Она вытаращила глаза, открыла рот и пропустила шаг.
Блейз мгновенно отреагировал на ее оплошность, прижав крепко к себе, так что Сорель могла почувствовать его силу, тепло тела, движение бедер, когда он снова влился в ритм музыки, а она автоматически ему последовала.

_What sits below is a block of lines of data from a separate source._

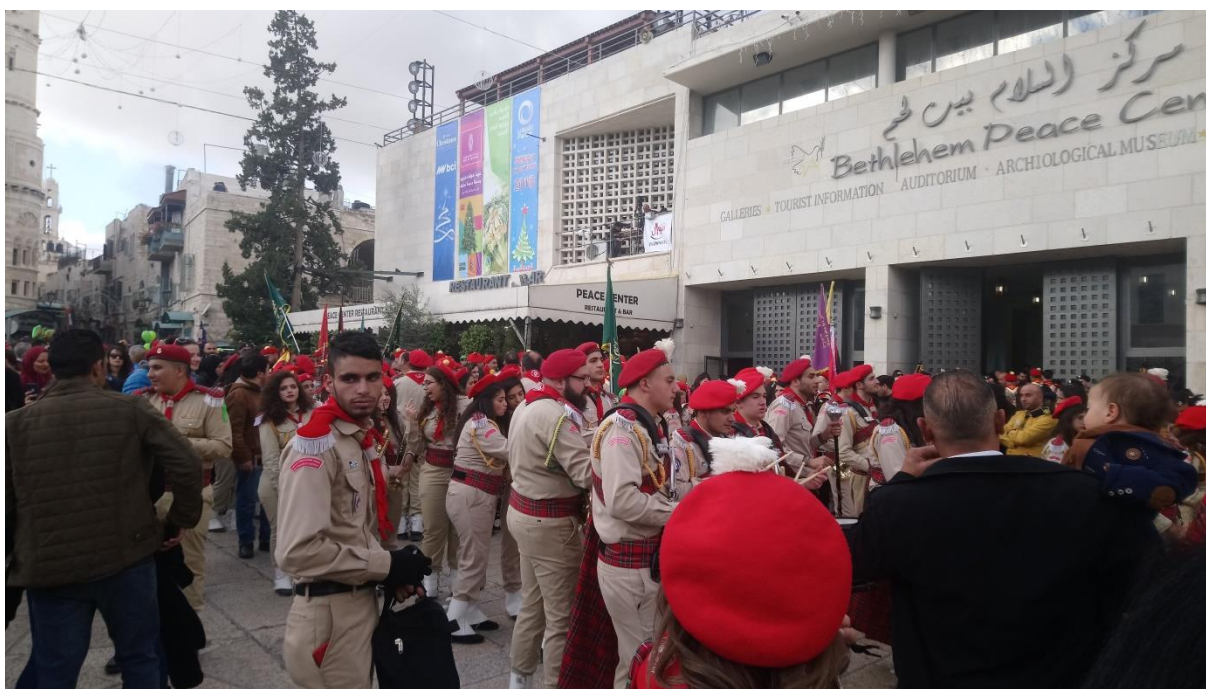
Příloha č. 12 – průvod skautů (Autor: Pavlína Adámková, Betlém, prosinec 2018)
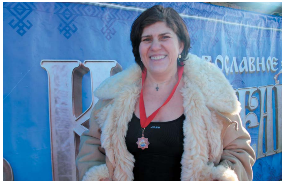
Первыми в иордань вошли работницы Общества
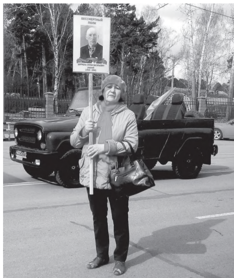
Каждый год я в «Бессмертном полку» несу портрет отца

ласти удостоены звания Героя Советского Союза. И это тоже в нашем «музее». Это тоже моя семья, моя Родина.
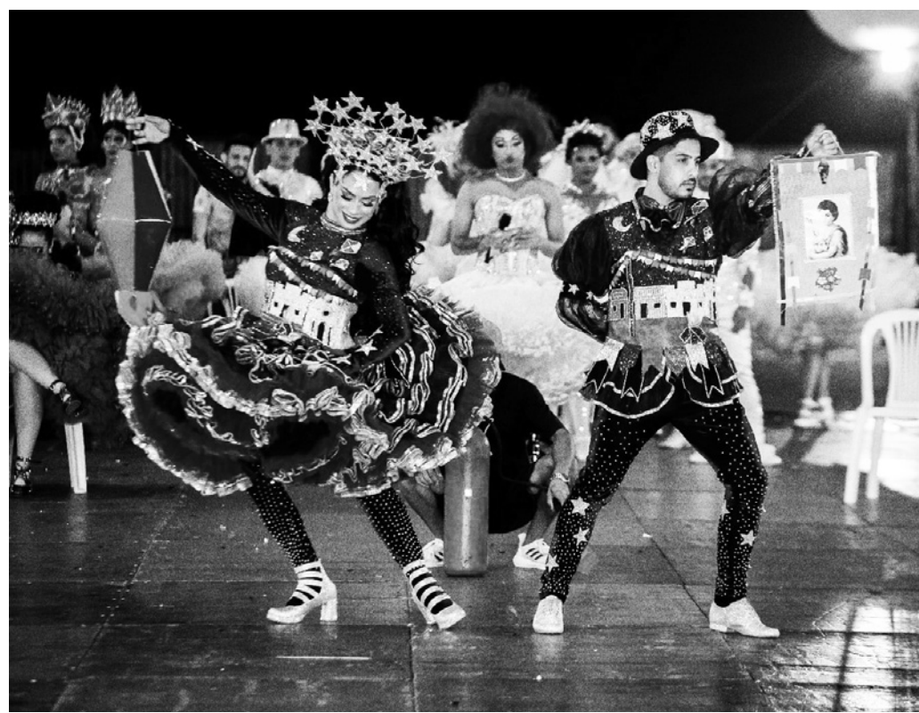
Além das quadrilhas, a programação também terá várias apresentações musicais

Знакомое состояние — оказаться в руках Блейза и подчиняться в танце — было нестерпимо, оно напомнило, как ей не хватало его прошедшие месяцы… годы.
Вокруг них в вихре проносились другие пары. Сорель постаралась обрести голос.
— Я понимаю, тебе какое-то время было тяжело, но четырех лет вполне достаточно, чтобы преодолеть обиды.
— О, я преодолел, не беспокойся. Не думаешь же ты, что я все это время нянчился со своим разбитым сердцем?
Она вообще не считала, что у него разбито сердце, но понимала, что своим поступком уязвила его гордость. Четыре года назад он уже имел высокое положение в обществе и в деловом мире, внеся свежие идеи и энтузиазм в фирму, которая и без того слыла в Новой Зеландии процветающей, а то, что он молод, холост и происходит из богатой семьи, служило дополнительной пищей для газетных сплетен.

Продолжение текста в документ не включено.